Problem details: Whatever pictures appear, omit them, and repeat the data below exactly.

The data:
##########

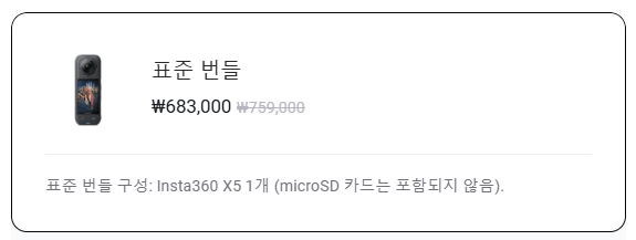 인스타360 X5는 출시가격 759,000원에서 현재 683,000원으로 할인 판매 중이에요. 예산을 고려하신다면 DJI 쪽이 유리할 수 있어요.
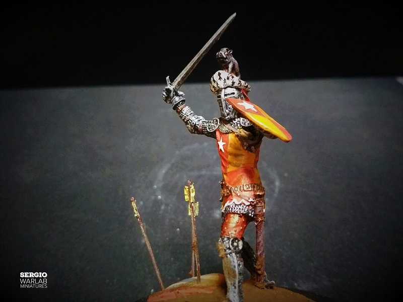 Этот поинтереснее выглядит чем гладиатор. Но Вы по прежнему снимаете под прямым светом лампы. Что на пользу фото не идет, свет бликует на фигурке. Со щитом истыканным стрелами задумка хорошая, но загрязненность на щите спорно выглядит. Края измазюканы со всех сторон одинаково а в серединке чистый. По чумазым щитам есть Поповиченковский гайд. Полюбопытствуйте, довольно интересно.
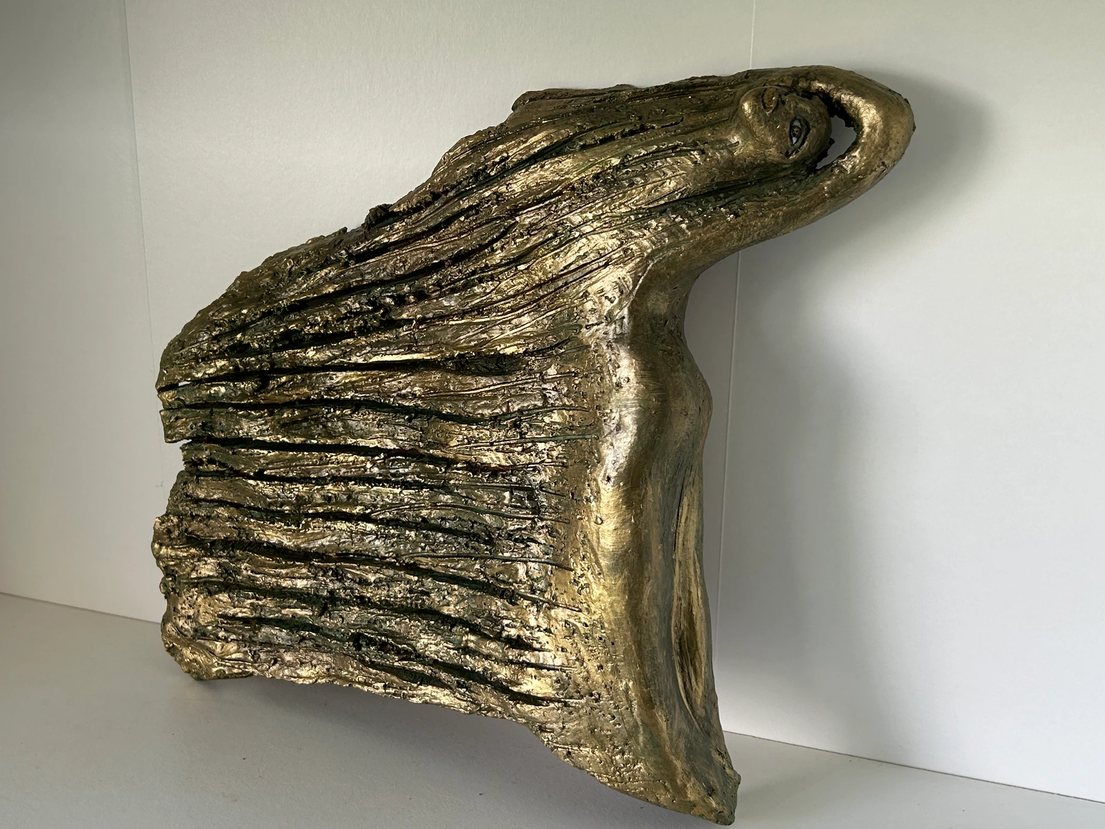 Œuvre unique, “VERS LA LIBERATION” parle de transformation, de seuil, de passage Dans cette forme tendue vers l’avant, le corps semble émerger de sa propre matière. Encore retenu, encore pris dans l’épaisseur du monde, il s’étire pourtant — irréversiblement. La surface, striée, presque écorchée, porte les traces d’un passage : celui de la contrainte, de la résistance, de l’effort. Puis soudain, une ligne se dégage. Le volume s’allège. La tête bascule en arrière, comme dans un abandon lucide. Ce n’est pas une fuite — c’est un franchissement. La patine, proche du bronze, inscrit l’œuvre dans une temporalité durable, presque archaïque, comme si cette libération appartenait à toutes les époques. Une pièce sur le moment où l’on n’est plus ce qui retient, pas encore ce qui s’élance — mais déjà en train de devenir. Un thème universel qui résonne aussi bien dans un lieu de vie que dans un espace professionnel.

##########

Reply to the task:
 인스타360 X5는 출시가격 759,000원에서 현재 683,000원으로 할인 판매 중이에요. 예산을 고려하신다면 DJI 쪽이 유리할 수 있어요.
 Этот поинтереснее выглядит чем гладиатор. Но Вы по прежнему снимаете под прямым светом лампы. Что на пользу фото не идет, свет бликует на фигурке. Со щитом истыканным стрелами задумка хорошая, но загрязненность на щите спорно выглядит. Края измазюканы со всех сторон одинаково а в серединке чистый. По чумазым щитам есть Поповиченковский гайд. Полюбопытствуйте, довольно интересно.
 Œuvre unique, “VERS LA LIBERATION” parle de transformation, de seuil, de passage Dans cette forme tendue vers l’avant, le corps semble émerger de sa propre matière. Encore retenu, encore pris dans l’épaisseur du monde, il s’étire pourtant — irréversiblement. La surface, striée, presque écorchée, porte les traces d’un passage : celui de la contrainte, de la résistance, de l’effort. Puis soudain, une ligne se dégage. Le volume s’allège. La tête bascule en arrière, comme dans un abandon lucide. Ce n’est pas une fuite — c’est un franchissement. La patine, proche du bronze, inscrit l’œuvre dans une temporalité durable, presque archaïque, comme si cette libération appartenait à toutes les époques. Une pièce sur le moment où l’on n’est plus ce qui retient, pas encore ce qui s’élance — mais déjà en train de devenir. Un thème universel qui résonne aussi bien dans un lieu de vie que dans un espace professionnel.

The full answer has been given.